#### Input data
________________
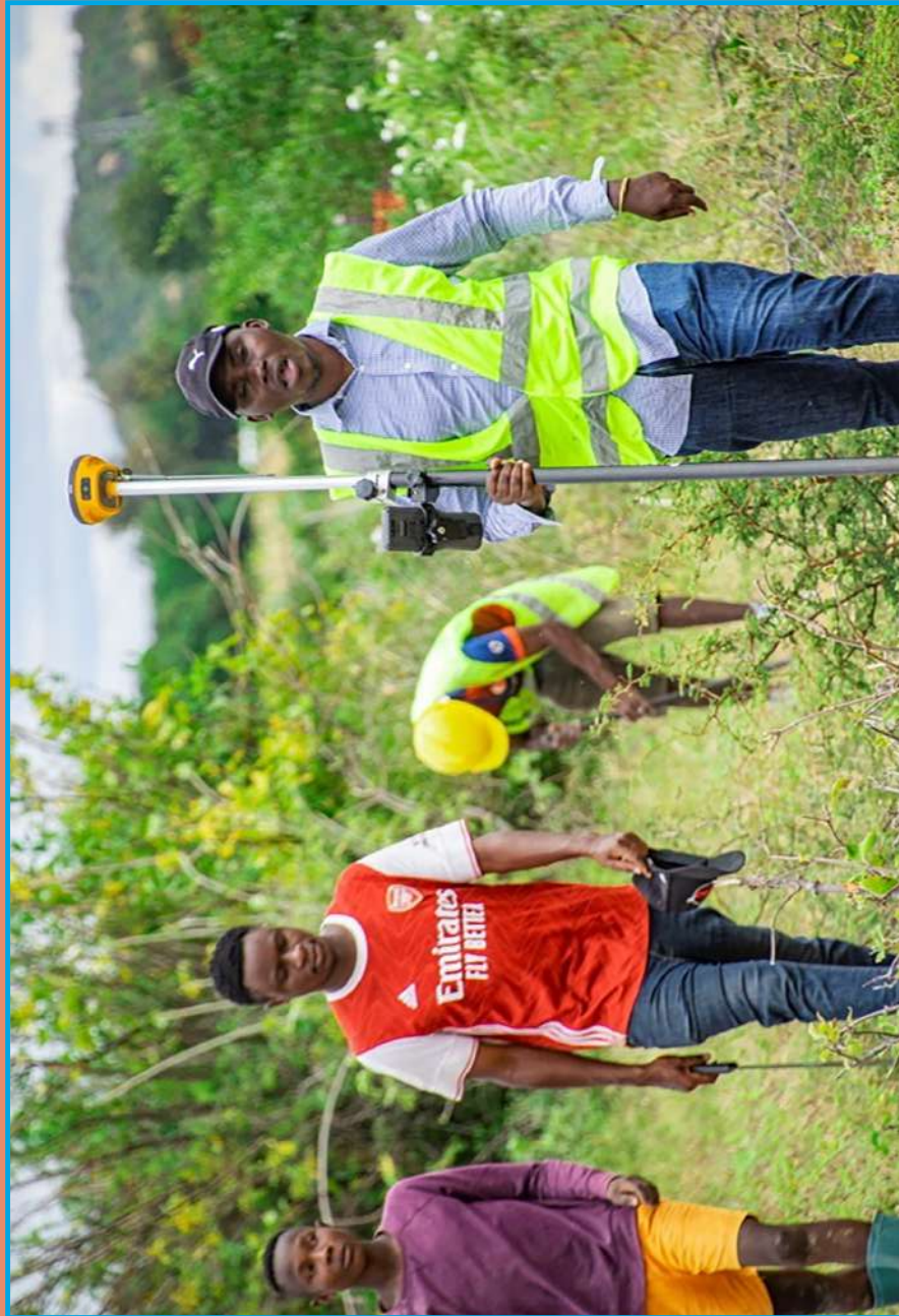
Wataalam wakiendelea na kazi ya upimaji mkoani Tanga

Mhe. Dkt. Samia Suluhu Hassan, Rais wa Jamhuri ya Muungano wa Tanzania amewezesha kukwamua miradi ya kibiashara ya Shirika la Nyumba la Taifa (NHC) iliyokwama kwa muda mrefu.
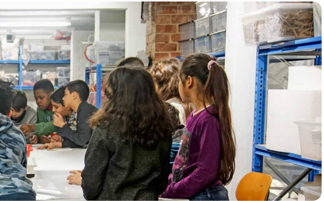
Ganz schön viel los: Blick in Materialsammlung und Werkstatt

Vernetzung Lernende Netzwerke zwischen pädagogischen Institutionen bilden ein zukunftsorientiertes Bildungssystem. Forschung, Ausbildung und Praxis können sich wechselseitig anregen und interagieren, um eine nachhaltige Förderung kindlicher Bildung zu gewährleisten. In diesem Sinne arbeiten bei der NetzWerkstatt einfallsreich! das nifbe, Hochschule, Universität, Kunstschule, Kitas und Schulen zusammen, um die Praxis des selbsttätigen und spielerischen Lernens nachhaltig in den pädagogischen Systemen zu verankern.
________________
Reproduce every line of the material precisely, omitting its pictures.

Wataalam wakiendelea na kazi ya upimaji mkoani Tanga

Mhe. Dkt. Samia Suluhu Hassan, Rais wa Jamhuri ya Muungano wa Tanzania amewezesha kukwamua miradi ya kibiashara ya Shirika la Nyumba la Taifa (NHC) iliyokwama kwa muda mrefu.
Ganz schön viel los: Blick in Materialsammlung und Werkstatt

Vernetzung Lernende Netzwerke zwischen pädagogischen Institutionen bilden ein zukunftsorientiertes Bildungssystem. Forschung, Ausbildung und Praxis können sich wechselseitig anregen und interagieren, um eine nachhaltige Förderung kindlicher Bildung zu gewährleisten. In diesem Sinne arbeiten bei der NetzWerkstatt einfallsreich! das nifbe, Hochschule, Universität, Kunstschule, Kitas und Schulen zusammen, um die Praxis des selbsttätigen und spielerischen Lernens nachhaltig in den pädagogischen Systemen zu verankern.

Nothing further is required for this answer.